Would you want a marriage or a wedding? The two are not interchangeable. A wedding is just a ceremony, but a marriage is a testimony. Sometimes we make decisions or commitments based on our status quo. Such commitment made out of anything other than love is not a marriage. So before you fasten your elegant dress sandals, just remember that the pain produced out of empty love is worse than the pain you will feel after dancing in those heels all night.

In a marriage, memories are created out of love, laughter, and living up to one’s expectations. Happiness comes from knowing you can trust and depend on your mate through the toughest times. Joy comes from knowing you are loved the same, no matter how much your looks might change. You accept that your mate is not perfect. But you relish in the fact that he or she is committed to pleasing you at all costs. You never feel lonely in a marriage. You never feel left out in a marriage. You never feel torn in a marriage, but you can become scorn when you find out all alone, you just had a wedding. Now this doesn’t imply that marriages are problem free. It’s just that people who are really in love with each other don’t let storms become disasters. You can’t always predict the weather in a marriage, but you can get a clear forecast in a wedding.

In a wedding, either one or both persons are not in love. Most of the time, it’s just one. It’s rare that two people who are not in love would even consider marriage. The person who is not in love has another interest(s). There are a number of reasons why a person would enter such agreement, but financial security, pregnancy, loneliness, religion, and acceptance are the top five on my list.

“If he has a lot of bling, marriage might be a good thing. Since I’m already with child, marriage fits the lifestyle. I’d rather have someone hold my hand than be alone in the stands. I don’t want to be judged or have bad luck, so I’d better stop shacking up. All my friends are married, so I better act now. I’m tired of standing out and living foul.”
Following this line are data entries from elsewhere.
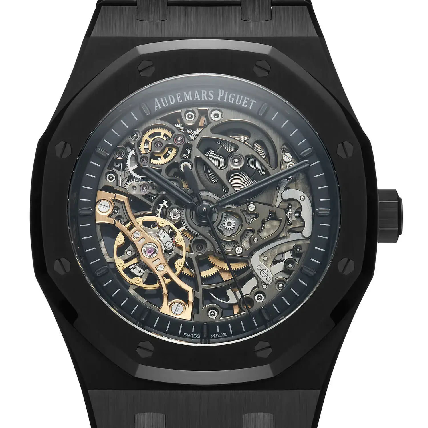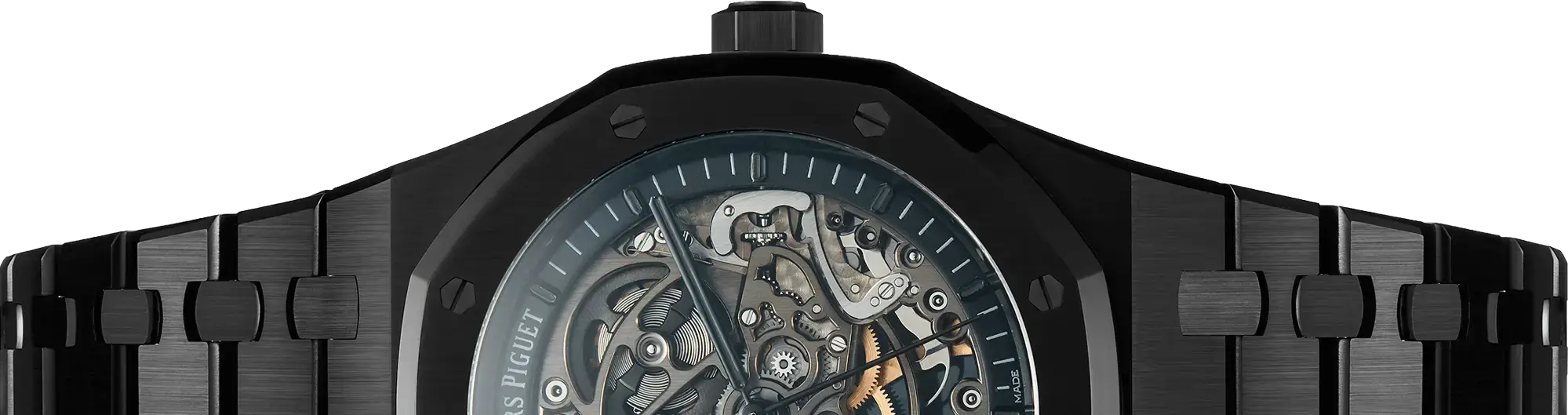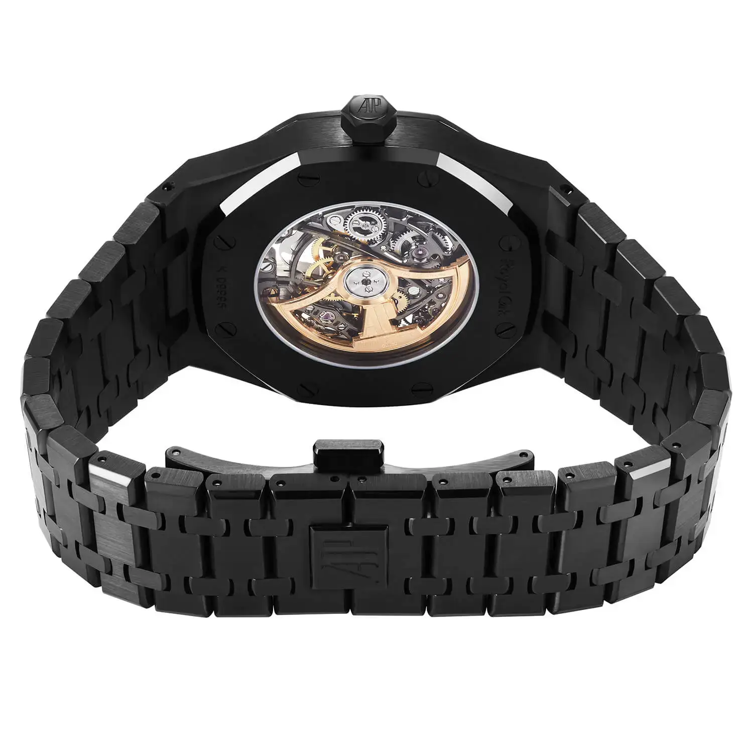 Unsere schwarze DLC-Beschichtung verleiht dem Armband und dem Gehäuse der Royal Oak einen unauffälligen Look. und Gehäuse der Royal Oak, was ihr scharfes und kantiges Design unterstreicht und das individuell gestaltete Zifferblatt ergänzt.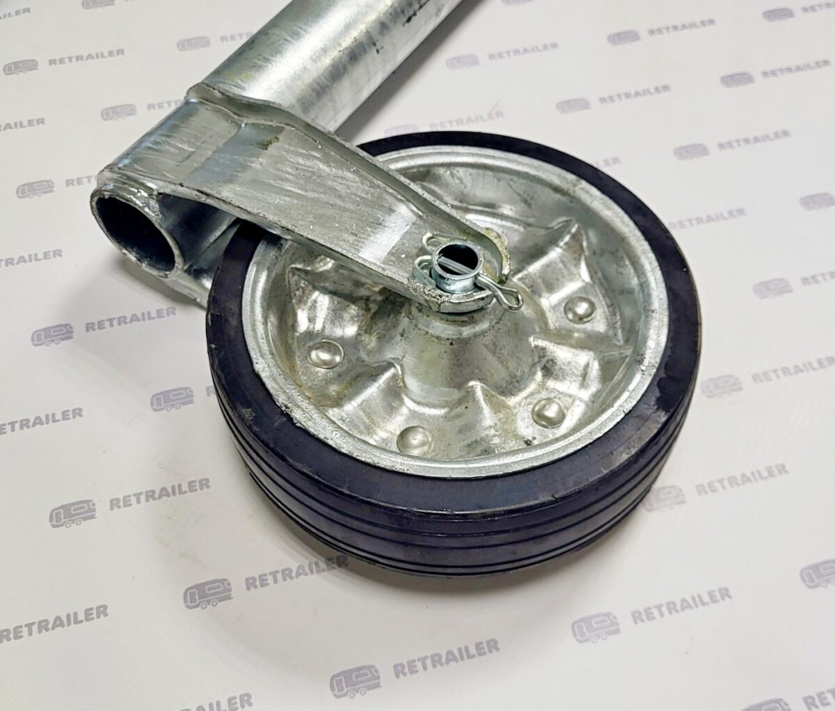 Pinstop. Колесо со встроенным тормозом. Для прицепов с максимально разрешенной массой до 750 кг. Статическая нагрузка: 150 кг. Труба: Ø48 мм. Динамическая нагрузка: 90 кг. Вес: 4.8 кг. Колесо: Ø200*50 мм, резина.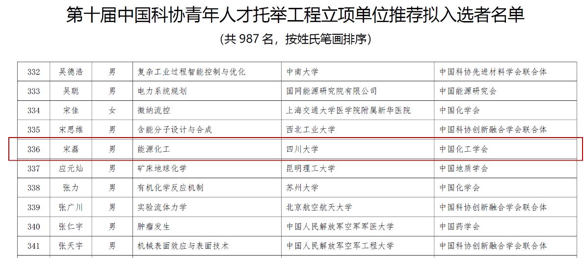 2月26-3月4日,中国科学技术协会对第十届中国科协青年人才托举工程人选名单进行公示,共遴选出第十届中国科协青年人才托举工程人选987名。我院青年教师宋磊副教授入选。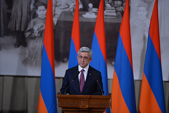 President Serzh Sarkissian addresses attendees of the 12th symposium of the International Association of Genocide Scholars in Yerevan (Source: Office of the President of the Republic of Armenia)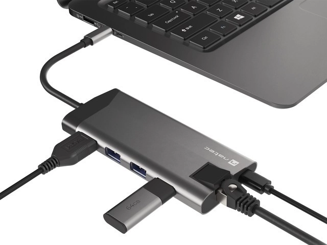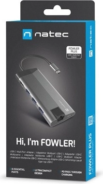 USB‑C razdjelnik NATEC Fowler Plus 8 u 1, 3× USB 3.0, HDMI 4K, RJ‑45, SD/microSD, PD 100 W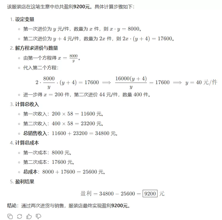 题目 2:某服装店的老板在武汉看中一种夏季衬衫,就用 8000 元购进若干件,以每件 58 元的价格出售,很快售完,又用了 17600 元同样衬衫,数量是第一次的 2 倍,每件进价比第一次多了 4 元,服装店仍然按每件 58 元出售全部售完,问该服装店这笔生意的盈利情况如何?
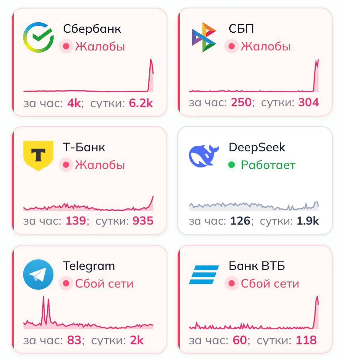 ⚡️ Российские банки массово умерли — масштабный сбой фиксируется у Сбера, Т-Банка, ВТБ и СБП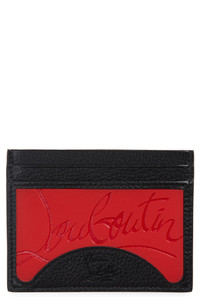 A logo-stamped inset pops in color and texture at the side of a slim card case made of richly pebbled leather. 4"W x 3"H x 1/4"D. Four card slots Leather/TPU Lined Made in Italy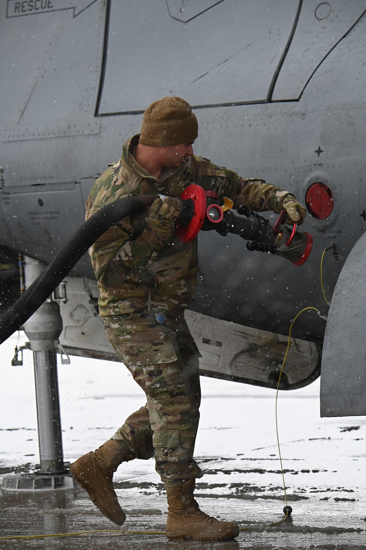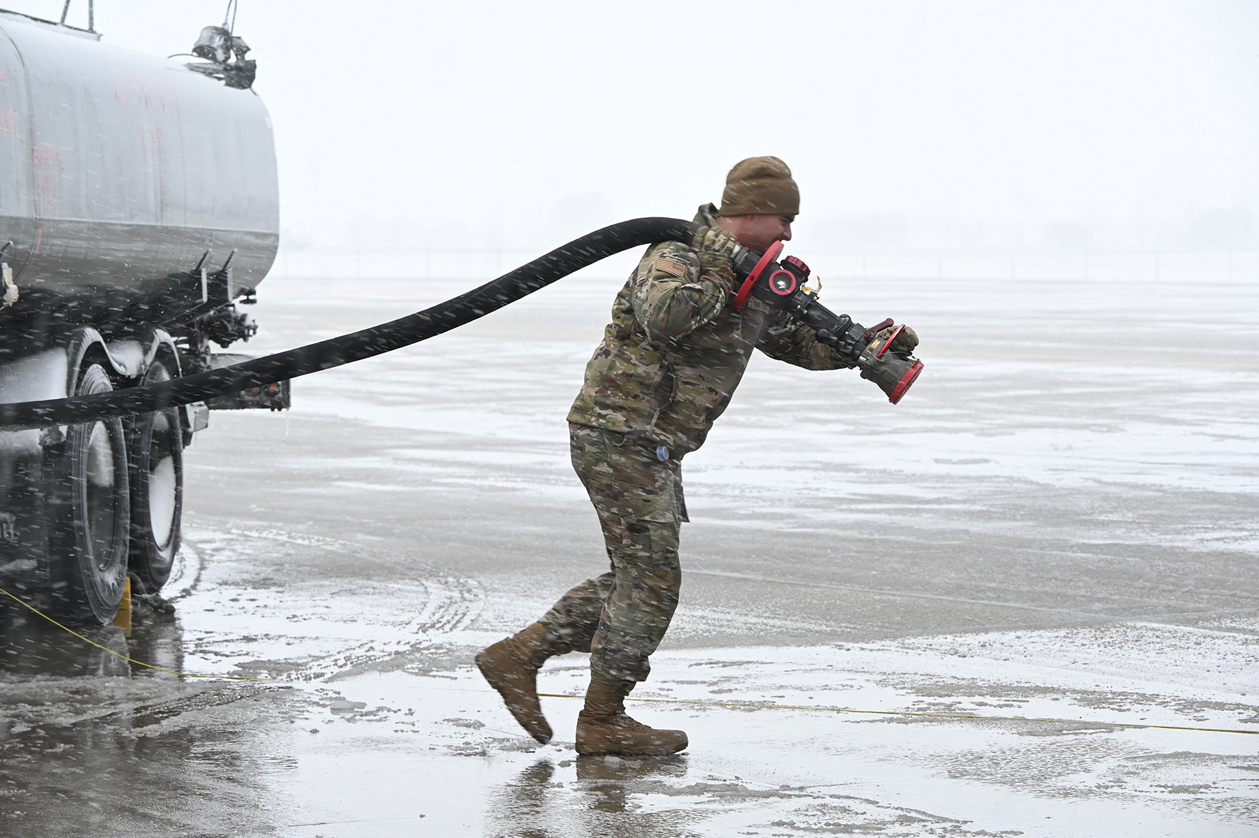 The 119th Wing's 119th Logistics Support Squadron is always prepared to perform their mission regardless of weather conditions, seven days a week, 24 hours a day. Airman Nate Rolph refueled a visiting C-17 Globemaster aircraft in freezing temperatures with a 15 mph wind at the N.D. Air National Guard Base, Fargo, N.D., on Oct. 20, 2020. (U.S. Air National Guard story and photos by Chief Master Sgt. David H. Lipp, 119th Wing)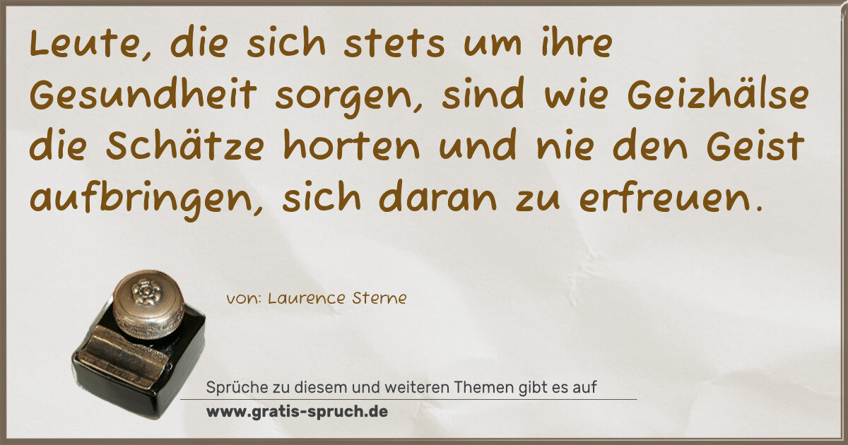 Leute, die sich stets um ihre Gesundheit sorgen, sind wie Geizhälse die Schätze horten und nie den Geist aufbringen, sich daran zu erfreuen.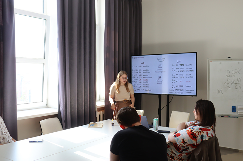 Занятие началось с чтения и анализа текста на иврите. В качестве грамматического компонента участникам было предложено изучение глагольных форм прошедшего времени.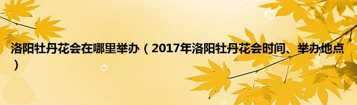 1、 2017年洛阳牡丹花会时间、举办地点: 2017年洛阳牡丹花会时间,参考2016年:2017年4月5日至5月5日,4月10日开幕仪式。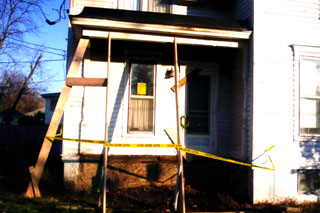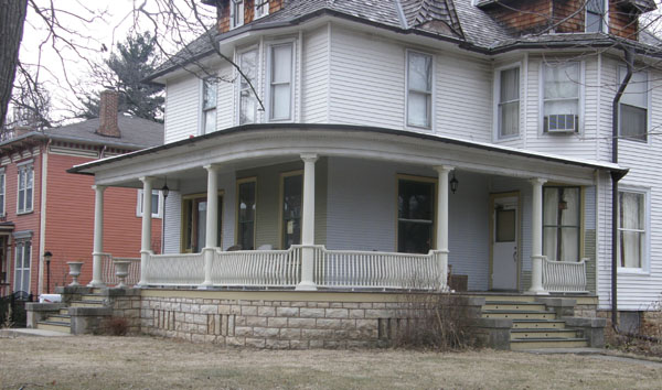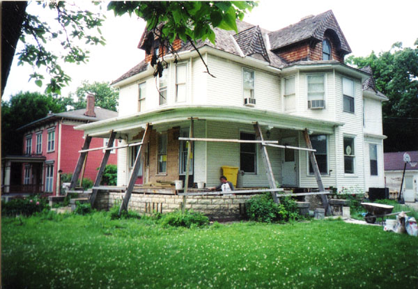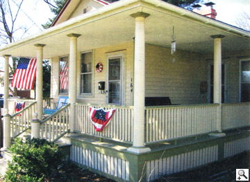 A 'before' photo of our Plum St. porch restoration project shows the inappropriate porch columns and balustrade on this circa 1880 house.

Don’t get caught up in your feelings and insecurities. Instead of chasing money, seek a career. If your baby won’t be born into a loving family, then marriage won’t fix your problem. If you are lonely, join a social club. If you were so holy, you wouldn’t have been shacking up in the first place. And if your married friends don’t want to hang out anymore, find a new hobby or some new friends. If you go in with cold feet, you will come out with blisters. Therefore, don’t let anyone pressure you into getting married. When it’s your time, you’ll know it. If he is the one, he’ll show it. Marriage is easier to get into than it is to get out, so choose wisely.

When that time comes, don’t let money stop you from marrying your soulmate. The biggest weddings tend to have the biggest break ups, and the bigger the ring, the bigger might be his expectations. Don’t let the size of the wedding or the ring itself determine the strength of the love. The happiest marriage can come out of the smallest wedding. Trust me. I know firsthand:)

And remember…
“Make sense of what you do, and make every cent count.”

What are your thoughts? I’d love to hear them.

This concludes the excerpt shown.